チラシの目立つ効果か、また新聞を見て参加してくれた方もいた。このため、東京などからの参加よりも圧倒的に横浜の参加者が多かった。
◇第二に、幅広い年齢層、性別、分野の方の参加があったこと。
建築系の若手から、30代ぐらいの女性、カップル、ご夫婦、古い建築物に関しては比較的年配の方と、10代以下の若い世代以外のさまざまな世代から、性別に偏りなく参加があった。
◇第三に、複数のツアーにまとめて応募した人が多かったこと。
ぎりぎりのスケジュールを組んでいたので、複数参加はあまり想定していなかったが、最大で5つのツアー全てに申し込んだ人があり、関心のある人にとっては、時間が許せばできるだけたくさん見たいという気持ちがうかがえる。
◇第四に、講師である建築家の方々には、誰に向けてガイドをするのか非常に気を遣っていただいたこと。
構造や仕上げのディテールの説明が専門的になりすぎないよう、言葉を選ぶなど、知ってもらうことに対する意欲と、共有する時間をできるだけ楽しんでもらうための創意工夫に満ち溢れたガイドの仕方には、プロとしての力を感じた。

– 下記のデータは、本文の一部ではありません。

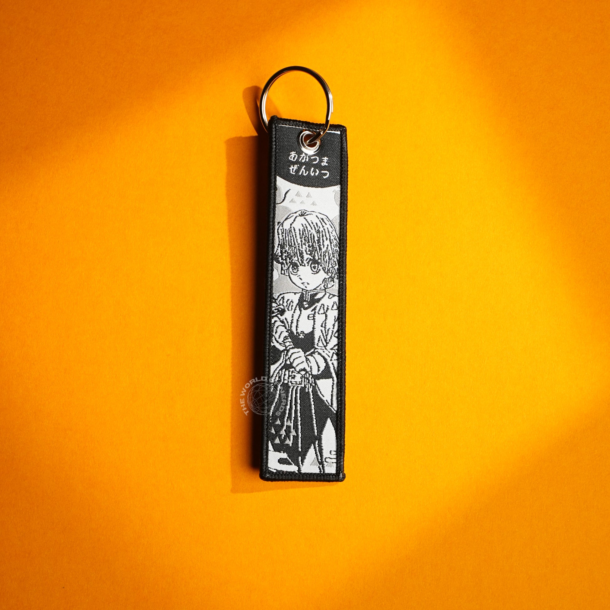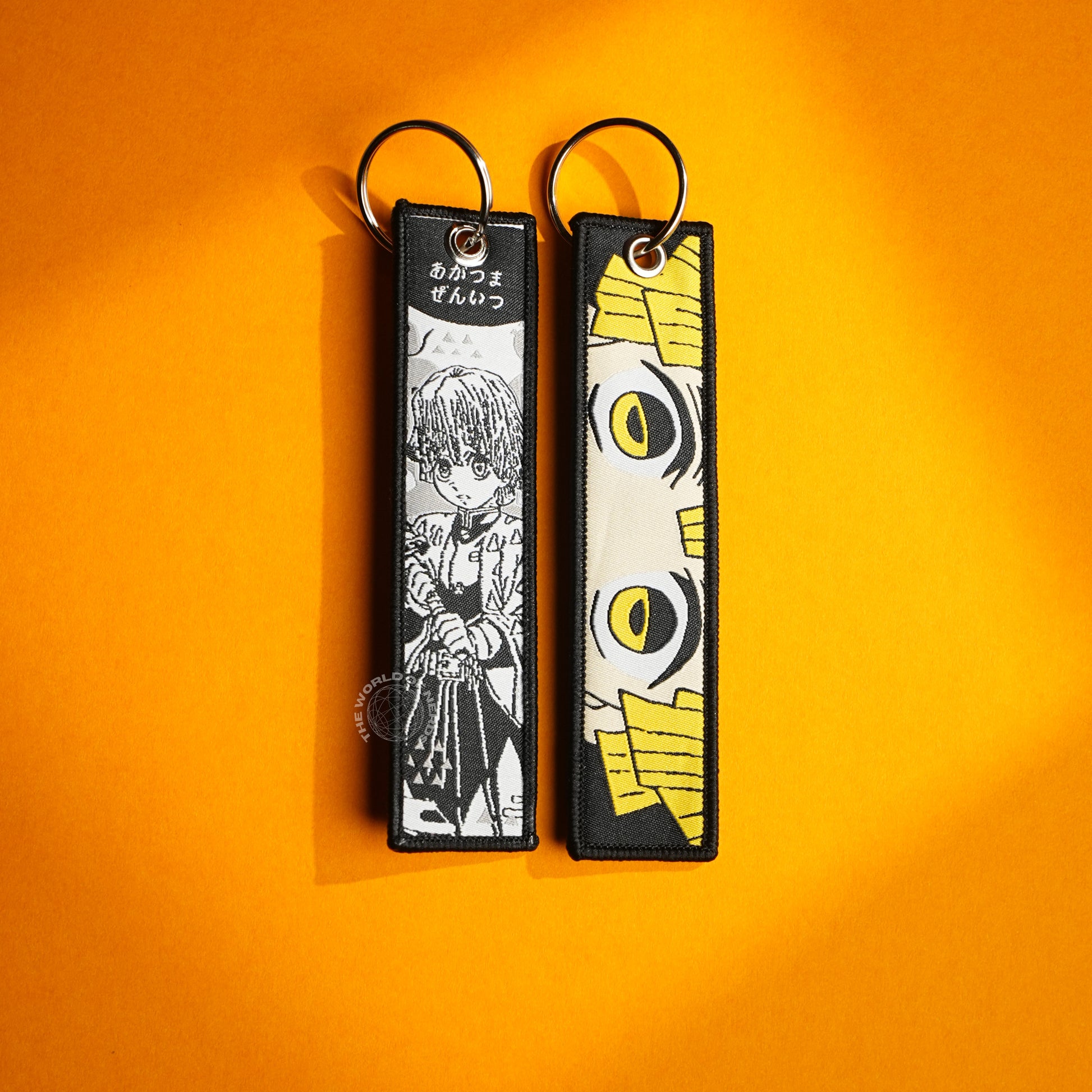This double-sided keychain features Zenitsu Agatsuma from Demon Slayer: Kimetsu no Yaiba. One side shows his manga-style art, while the other highlights his sharp, determined eyes in a striking yellow design. A perfect blend of his timid nature and hidden strength, this keychain makes a bold accessory for anime fans.

◇第五に、一般参加者の方が、専門家のディテールの説明に非常に興味を持っていたこと。
むしろ、その部分こそが、普段知ることのできない部分のOPENであり、心惹かれていたように見える。
◇第六に、ツアー全体に不思議な一体感があったこと。
適度な人数、限られた時間、空間の中でのツアーで、講師との距離も近いことや、複数のツアーに参加していた人も多かったことが影響したからか、机を並べた講演会では聞きにくい質問も、直接的に1対1で聞きやすかったようである。ツアーは現場で実物を見て実体験できるのも大きな魅力といえるが、講師のツアーを盛り上げてくれようとする努力と、参加者の単なる聞き役ではない積極的な協力があった。
専門的な説明も一般参加者には興味深いものであり、これだけ関心の高い人が集まってきているということは、質の高いものに対してアンテナを張っている、感度の高い人が増えていると言える。創造都市の推進をともに支える横浜市民に質の高い空間への関心が高い人が多いということは、大きな力であり、オープンスタジオやツアーを通じてクリエイターらと場を共有し、相互に情報を得て交流し、高めていくことのできる機会を、これからもつくることができればと思う。さらに、今回は参加のなかったより若い世代に向けても、参加の場を設けて行きたいと思う。